Please tell your sister that those pictures are every bit as good as any professional's shots! Lovely pictures, especialy the one where you're giving Excel the carrot. Super nice. Will make great Christmas cards for next year.


----------



## equiniphile (Aug 16, 2009)

I'll be sure to tell her; she'll appreciate that.

Excel was a bit put out to be going out in the snowstorm that was brewing, so I thought a carrot out to make up for that ;-)


----------



## allisonjoy (Oct 8, 2011)

i know exactly what you mean about shark withers! my mare has em' too!! and i loooove bareback sooo much (especially when its freezing) but it hurts sooo bad!!


----------



## Tianimalz (Jan 6, 2009)

Oh wow. Those are amazing!! You both look great, the lighting is just right, and I don't know which is cuter... your headband or that adorable fuzz ball you're riding :lol:


----------



## apachewhitesox (Dec 9, 2010)

That looked like great fun I would love to ride in the snow, too bad it doesn't snow where I live.


----------



## equiniphile (Aug 16, 2009)

LOL! That adorable fuzzball is going to be subjected to the utter humiliation of reindeer antlers on Christmas Eve.


----------



## Tianimalz (Jan 6, 2009)

equiniphile said:


> LOL! That adorable fuzzball is going to be subjected to the utter humiliation of reindeer antlers on Christmas Eve.

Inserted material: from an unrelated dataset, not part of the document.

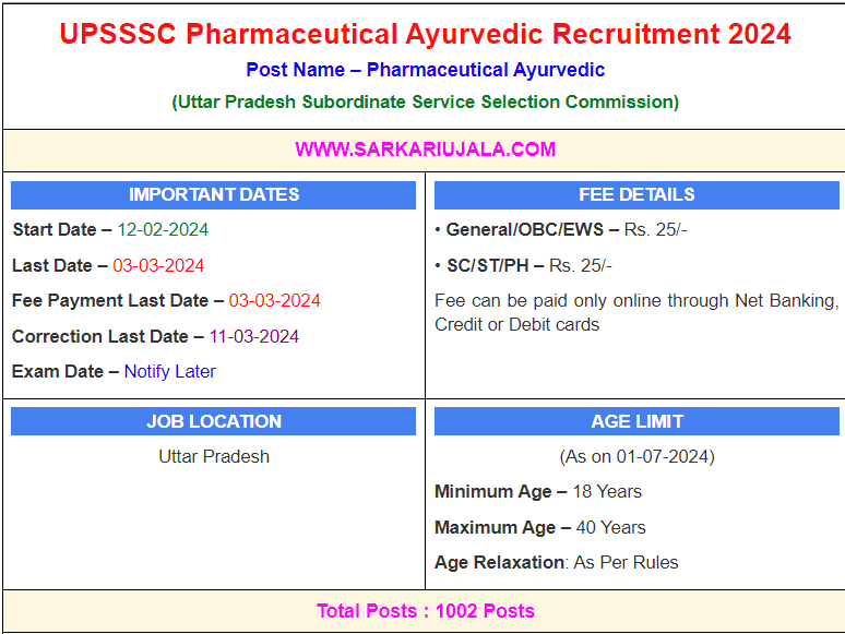 Post Description – UPSSSC Uttar Pradesh Subordinate Service Selection Commission is inviting online applications for Pharmaceutical Ayurvedic for 1002 posts. Interested people meet all the eligibility criteria, apply online Details Of Recruitment Of UPSSSC Pharmaceutical Ayurvedic Online Form 2024Posts Name – Pharmaceutical Ayurvedic Number Of Posts – 1002 Posts Category Wise Posts – General – 448 Posts OBC – 126 Posts SC – 291 Posts ST – 37 Posts EWS – 100 Posts Pay Scale – As Per Rules Education Qualification – 10+2 Passed with Biology / Mathematics Subject And Diploma in Pharmaceutical Ayurvedic and Registration in Council. And UPSSSC PET 2023 Score Card How to Apply Online UPSSSC Pharmaceutical Ayurvedic Online Form 2024 – Candidates can apply through link provided below or they can also apply through official site of the Uttar Pradesh Subordinate Service Selection Commission before 03/March/2024. Required Documents For Online Application – Educational Mark sheet And Certificates Aadhar Card / Pan Card Passport Size Photo Signature Selection Mode – Written Exam Merit List | |||||

Mine is forced to wear bunny ears for Easter, so your fuzzy-wonder shouldn't feel too alone in that department :rofl:


----------



## Golden Horse (Feb 20, 2010)

Lovely pics, I think your sister earned her candy:lol:

Don't hate me, but I would love them so much better if you were wearing a helmet, :wink: I know I'm just an old worry wort, and it's just my opinion.


----------



## xxGallopxx (Dec 1, 2011)

Wow!! Adorable pics!! Too bad in KS we don't get any good snows until January through March. ): If we're lucky, we have a white Christmas, but with KS, you NEVER know....


----------



## Wallaby (Jul 13, 2008)

It looks like you guys had so much fun!  I love the pictures, so good.

I'm also impressed by your cantering bareback, I'm so scared to even try it. :lol:

AND, I'm super jealous of your snow. It hasn't even snowed here yet. It makes me really sad since snow is pretty much my most favorite weather circumstance. haha


----------



## equiniphile (Aug 16, 2009)

Thanks, but I still haven't seen any other winter riders post here ;-)

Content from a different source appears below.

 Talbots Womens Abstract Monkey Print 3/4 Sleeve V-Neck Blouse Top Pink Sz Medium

I really should be wearing a helmet, but I tend to leave it off for holiday-type pics.

ETA: It's been a muddy mess here for the last few months, so the snow is a definite relief. Hopefully we'll be having a white Christmas after all!


----------



## Wallaby (Jul 13, 2008)

Since you insist, these are from our single "good" snow last year:




















It was the first time I had ever ridden in snow and it was definitely the best ever.


----------



## xxGallopxx (Dec 1, 2011)

Wallaby...I LOVE YOUR SADDLE!!!! My saddle has a pink seat too! Only the rest of the leather is brown, not black


----------



## usandpets (Jan 1, 2011)

Here's a vid we did a while ago:
Riding in fresh snow - YouTube

Here's another wouldn't recommend others do:
I double dog dare you contest entry - YouTube
_Posted via Mobile Device_


----------



## Artemis (Apr 27, 2010)

I love riding bareback in the winter =)
Too bad we have had way too much snow past years to go out on the fealds.

But here are some pictures I have of me riding in snow =)


----------



## AngieLee (Feb 20, 2011)

This is my first full winter with my horse 
Cody and myself:


----------



## grayshell38 (Mar 9, 2009)

Well, another member of the forum came and took some photos of me and my group last winter, so I have those. I had only had Thelma for a couple months at that point, and it was my third ride on her outside the pasture. Since I'm in N. Dakota for a few months I won't get any winter riding in at all this year. :-(


----------



## AvasMom (Apr 27, 2010)

Beautiful photos, winter pictures are the best!


----------



## Country Woman (Dec 14, 2011)

I love your winter pictures 
I loved riding in the snow also
have no pictures so I cam load them


----------



## Golden Horse (Feb 20, 2010)

Well seeing as we are sharing, no prizes for artistic merit, but hopefully bonus points for it being very cold!


----------



## Country Woman (Dec 14, 2011)

I love your snowy pictures


----------



## equiniphile (Aug 16, 2009)

Great pictures, guys!


----------